I'm thinking about creating a trust because I'm concerned about probate. For most seniors, a trust does not offer tax advantages. Probate is the orderly distribution of your estate after you are gone. Get the answers you need from your attorney. Stay away from the showman who pass through town and quickly disappear after the check clears. If you think probate is complicated, wait until you learn about trusts! Most folks should not have a trust in my opinion. And most folks can now avoid probate entirely but setting up a simple estate plan with their attorney.
I lost my spouse during the year. How will this affect my taxes? A final joint return is filed indicating the date of death. The surviving spouse should get advice regarding what can be significant tax changes as a single filer in subsequent years.

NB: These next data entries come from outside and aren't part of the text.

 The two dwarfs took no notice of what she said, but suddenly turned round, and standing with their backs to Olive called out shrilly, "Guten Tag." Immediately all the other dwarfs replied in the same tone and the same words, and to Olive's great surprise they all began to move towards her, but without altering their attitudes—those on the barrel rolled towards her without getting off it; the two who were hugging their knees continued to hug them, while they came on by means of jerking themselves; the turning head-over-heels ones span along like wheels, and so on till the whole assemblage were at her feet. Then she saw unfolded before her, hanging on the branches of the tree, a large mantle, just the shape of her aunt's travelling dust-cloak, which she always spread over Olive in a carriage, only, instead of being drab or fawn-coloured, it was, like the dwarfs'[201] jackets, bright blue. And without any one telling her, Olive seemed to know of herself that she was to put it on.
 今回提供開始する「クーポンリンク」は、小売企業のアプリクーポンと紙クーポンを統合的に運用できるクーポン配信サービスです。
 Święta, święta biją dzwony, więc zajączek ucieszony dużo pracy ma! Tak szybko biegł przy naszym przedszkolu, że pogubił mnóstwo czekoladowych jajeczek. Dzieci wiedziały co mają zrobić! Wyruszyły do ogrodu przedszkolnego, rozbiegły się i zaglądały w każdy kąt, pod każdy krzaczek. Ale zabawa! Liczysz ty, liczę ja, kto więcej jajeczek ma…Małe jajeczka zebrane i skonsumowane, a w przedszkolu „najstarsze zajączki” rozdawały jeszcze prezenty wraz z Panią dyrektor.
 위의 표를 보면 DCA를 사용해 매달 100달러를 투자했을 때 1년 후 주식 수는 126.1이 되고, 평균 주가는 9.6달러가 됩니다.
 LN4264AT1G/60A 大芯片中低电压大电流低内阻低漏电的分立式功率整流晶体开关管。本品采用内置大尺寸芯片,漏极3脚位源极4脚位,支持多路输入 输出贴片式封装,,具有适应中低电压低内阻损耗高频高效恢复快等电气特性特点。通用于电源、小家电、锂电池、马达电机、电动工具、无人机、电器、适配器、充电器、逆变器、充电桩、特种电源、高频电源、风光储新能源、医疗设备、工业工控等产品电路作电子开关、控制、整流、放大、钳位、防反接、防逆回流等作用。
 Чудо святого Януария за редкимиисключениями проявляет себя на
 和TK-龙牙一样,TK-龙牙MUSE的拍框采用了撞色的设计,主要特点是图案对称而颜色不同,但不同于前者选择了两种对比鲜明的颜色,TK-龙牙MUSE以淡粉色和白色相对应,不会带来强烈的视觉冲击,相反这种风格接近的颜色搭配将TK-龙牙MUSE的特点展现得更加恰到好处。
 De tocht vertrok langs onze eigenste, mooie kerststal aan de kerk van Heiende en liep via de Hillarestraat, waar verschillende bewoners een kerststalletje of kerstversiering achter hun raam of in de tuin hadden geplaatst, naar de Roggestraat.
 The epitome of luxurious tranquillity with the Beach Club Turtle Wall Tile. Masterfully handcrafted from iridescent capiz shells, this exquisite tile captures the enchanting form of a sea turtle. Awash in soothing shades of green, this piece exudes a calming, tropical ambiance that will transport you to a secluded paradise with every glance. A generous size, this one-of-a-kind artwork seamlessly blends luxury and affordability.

How much of my retirement money should I have in the stock market? This of course is the "perennial $64,000 question", one we cannot give you the answer to. We don't know how stocks (and other "risk" assets) will perform relative to safe accounts in the bank. Here is a rule of thumb you can use to assess your risk level - take 90 and subtract your age. We recommend that you not have more than this percentage of your assets in equities and corporate bonds. The remaining percentage should be in Certificates of Deposit, insured bank accounts, U.S. Government Securities, and fixed annuities (not variable) with A+ rated insurers.
For example, if you are 62, this rule of thumb would suggest that you not have more than 28% of your financial assets in stocks and corporate bonds. Do not include real estate in the calculation.
Rules of Thumb like this one do not work for everyone, nor do they guarantee optimal results. In this case, it can be used to assess your financial position which you may wish to tweak based upon personal risk tolerance and financial situation.